Звенка не засмеялась.

— У нас про это по-всякому говорят. Но большинство ученых считает, что материк держится на трех великанских слонах, а они стоят на гигантской морской черепахе. И вот она-то плавает в океане…

— Может, так и есть, — вежливо сказал Авка, хотя не очень-то поверил в слонов и черепаху.

— Может быть… — отозвалась Звенка и почему-то вздохнула.

— Все-таки странно все это… — сказал Авка.

— Что?

— То, что на наших землях мы друг про друга до сих пор ничего не знали.

— Потому что между материками чудовищное расстояние… — (У нее получилось «чю-удовищное».)

— Не такое уж чудовищное, раз ты долетела.

— Это, наверно, потому, что в гравитоплане время сжимается… А наши корабли до вас никогда не доплывали. И ваши до нас тоже…

— Потому что они далеко в океан и не ходят. Наши капитаны говорят: «Зачем уходить далеко в бесконечные воды?

Они везде совершенно одинаковые, и ничего нового там нет. Есть только опасность, Что заблудишься, когда уже совсем не видно земли. Вот и плавают вокруг… этого, материка…

— У нас в общем-то так же. Но все-таки иногда устраивают дальние экспедиции. Так, например, открыли Малую Элефанту. И с той поры нет-нет да и начинаются разговоры: а может быть, где-нибудь на земном шаре есть еще какие-то материки?.. Тем более что один раз случился удивительный случай…

— Какой?

— Это было лет десять назад, я сама, конечно, не помню, мне дедушка рассказывал. Однажды прилетел на берег большущий матерчатый шар, надутый теплым воздухом, к нему была привязана корзина, а в ней сидел человек. Совсем оголодавший. Он разговаривал на таком языке, что его еле поняли. А когда поняли, то удивились: он говорил, что прилетел с какой-то земли, про которую у нас никто не слыхал. На этой земле, мол, великие пустынные поля, сплошь усыпанные песком, и там водятся громадные звери с рогами на морде и сухопутные крокодилы длиной в сто локтей… А еще, говорил он, там есть города с башнями из синего и зеленого стекла и с садами, которые растут почти что в воздухе, на высоких прозрачных мостах… Ему почти никто не поверил. Решили, что он просто повредился в уме во время полета…

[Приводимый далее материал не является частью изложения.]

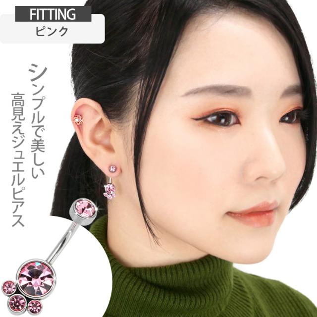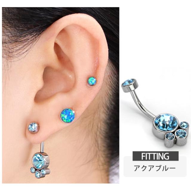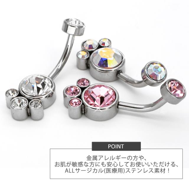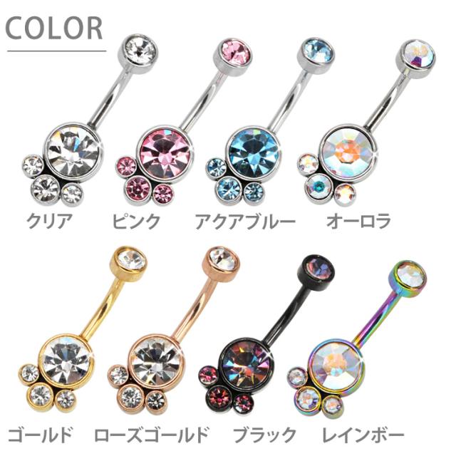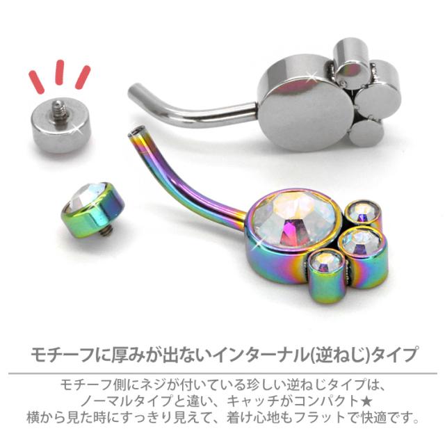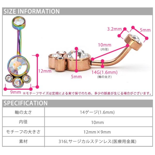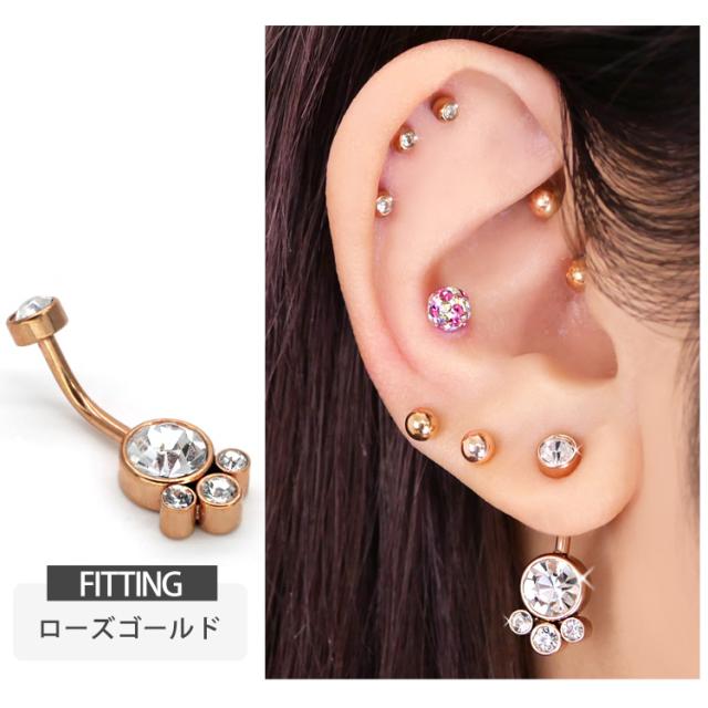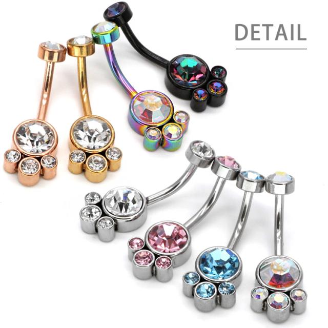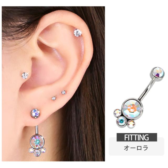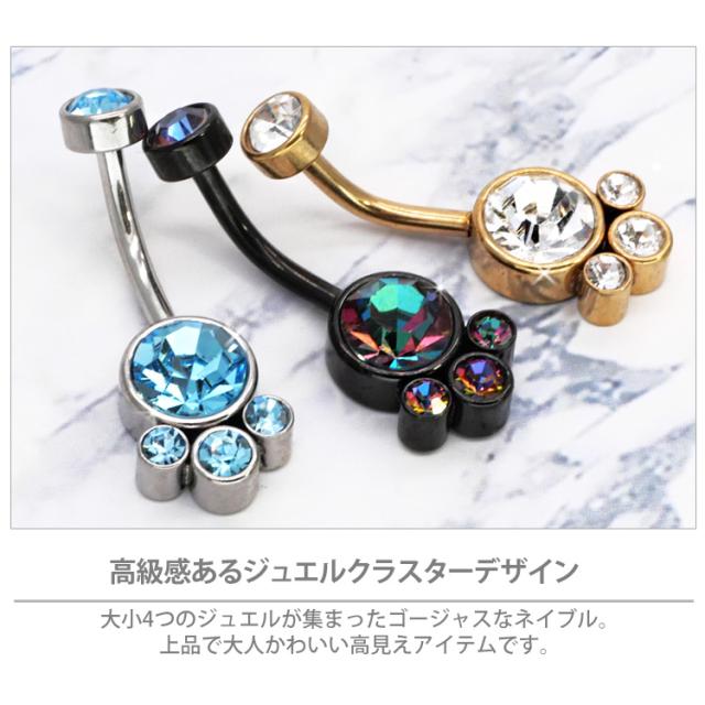 大小4つのジュエルが集まったゴージャスなネイブル。 上品で大人かわいい高見えアイテムです。 モチーフ側にネジが付いている珍しい逆ねじタイプなので、キャッチがコンパクトで横から見た時にすっきり見えて、着け心地もフラットで快適です。 初心者から上級者まで幅広く愛されているボディジュエリーは、アレルギーが起きにくいサージカル(医療用)素材なので安心です。へそピアスにはもちろん、イヤーロブや耳の軟骨ピアスにつけてもかわいい。
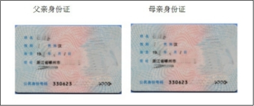 图片④:适龄儿童父亲母亲身份证有人像的一面合拍(单亲家庭可仅上传取得抚养权一方监护人身份证)。
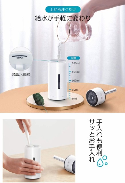 タンク容量は260ml、蓋を開けるだけで上から給水でき、手間をかからないとても便利な卓上加湿器です。スケルトン水位計により水の残りが一目で分かります。お掃除も簡単なため、加湿器のお手入れが苦手な方にもおすすめです。(※給水芯を定期的に交換必要です。) 【仕様】
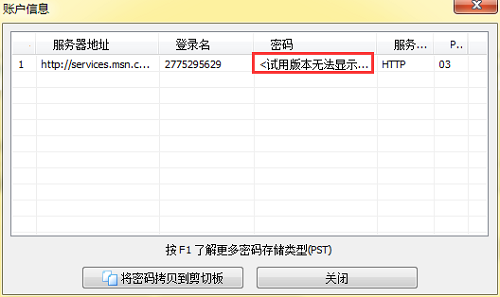 互联网菜单下只有一个“Outlook Mail 账户…”命令,该命令必须在联网状态下才可以使用,与Advanced Office Password Recovery主界面的MS Outlook按钮的功能一致。AOPR试用版无法显示Outlook密码,如下图所示:

— А может быть, все же есть такая земля? — сказал Авка. Почему-то шепотом.

И Звенка шепнула:

— Может быть…

И шепоток ее был такой же теплый и пушистый, как волосы, которые щекотали Авкину руку. И он вдруг понял, что ему не так уж интересно, есть на свете земля с чудовищами и стеклянными башнями или нет. То есть, конечно, интересно, только это не главное. Главнее было другое: радоваться тому, что неизвестно откуда свалившаяся Звенка говорит с ним доверчивым шепотом и тихонько дышит рядом.

В общем, Авка чувствовал себя как кусок сливочного масла, который положили на теплую сковородку. И без сомнения, чувство это было то самое, за которое (если кто-то узнает!) можно удостоиться звания «бзяка-влюбляка».

Конечно, такое звание было не столь обидным и скандальным, как, например, «бзяка-бояка» или «бзяка-трепака» (то есть ябеда). Некоторые храбрецы, случалось, даже не отпирались, а говорили: «Дураки! Мы с ней просто дружим! Нельзя, что ли?..» А находились и такие герои, которые заявляли прямо: «Ну и что? Ну и да! Хочу и буду, не ваше дело, тыквы прокисшие!» И добавляли многообещающе:

Кто сболтнет еще хоть раз,

Десять раз получит в глаз!

Но для этого должен быть очень смелый характер. И наверно, очень сильная влюбленность. У Авки же характер был так себе, средний по смелости. А что касается влюбленности… он и сам не знал. Просто чувствовал, что тает (и даже непонятно почему: ведь некрасивая же!). Чтобы не растаять совсем, Авка торопливо спросил:

— А колесо этого, антимагнита, оно где?

— Внизу, под полом. Когда оно вертится, пол слегка дрожит, и от этого подошвам щекотно… — Звенка неуверенно хихикнула.

— А почему оно от горелок вертится? Как бумажная вертушка от теплого воздуха?

— Нет, что ты! Там паровая машина! Горелки нагревают воду в котле, пар толкает в трубах поршни, а они раскручивают колесо… У вас есть такие машины?

— Есть. Но их редко используют. Если только сильный неурожай тыкв…

— А при чем тут тыквы?!

— Потому что у нас вся цивилизация на тыквах держится. — Слово «цивилизация» Авка выговорил с солидностью выпускника Императорской начальной школы. Будущего гимназиста. — И двигатели на них работают. Берется большая тыква, в нее впрыскивают специальное вещество, вроде жидких дрожжей, потом вставляют трубку. В тыкве начинается брожение, по трубке идет сильный толкательный газ, и его можно использовать как угодно. Хоть для машин на фабрике или мельнице, хоть для тыквокатов, чтобы грузы возить без лошадей… Есть тыквы с громадным запасом газовой энергии! Особенно сорт «Драконий желудок».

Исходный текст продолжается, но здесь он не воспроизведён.